Parlando degli ultimi giorni di vita della leggendaria figura del Rap newyorkese, infatti, Fat Joe ha sottolineato la sua forte avversione per KRS-One, che, ai tempi dei Boogie Down Productions, s’inimicò l’intera popolazione del Queensbridge, in quella che fu un’accesissima faida verso la fine degli anni ottanta.

“Al funerale di Prodigy hanno ricordato come la sua rabbia verso KRS-One non si placò mai”, ha ammesso Joe, sospirando.

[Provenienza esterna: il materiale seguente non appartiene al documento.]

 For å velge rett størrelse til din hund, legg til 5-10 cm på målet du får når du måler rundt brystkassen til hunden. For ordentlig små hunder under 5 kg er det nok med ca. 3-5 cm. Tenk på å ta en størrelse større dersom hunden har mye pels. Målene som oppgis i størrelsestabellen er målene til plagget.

“Fino alla sua morte, si ritrovò ad odiare un uomo per il quale, in fondo, provava un immenso rispetto. Il problema è che non sopportava l’idea che avesse mancato di rispetto al suo Queensbridge, e quindi non poteva coprirlo di onori pubblicamente. Questo è l’hip-hop!”.

Storia di una faida

L’attrito tra KRS-One ed il Queensbridge a cui Fat Joe fa riferimento durante l’intervista con Ebro ha radici profonde, che trovano sede in uno dei capitoli più iconici e solenni della storia hip-hop statunitense: quando KRS-One, come accennato, faceva ancora parte dei Boogie Down Productions (insieme al defunto DJ Scott La Rock), il quartiere del Bronx (dal quale il duo, appunto, veniva) rivendicava con orgoglio il proprio titolo quale luogo natio della cultura hip-hop; un misunderstanding dai contorni quasi infantili, tuttavia, fece pensare a KRS che la Juice Crew (capitanata da MC Shan) avesse in una canzone attribuito la paternità del movimento al Queensbridge, e fu in seguito a questo episodio che si scatenò una “guerra” (soltanto a suon di musica, fortunatamente) che vide le due fazioni insultarsi senza esclusioni di colpi.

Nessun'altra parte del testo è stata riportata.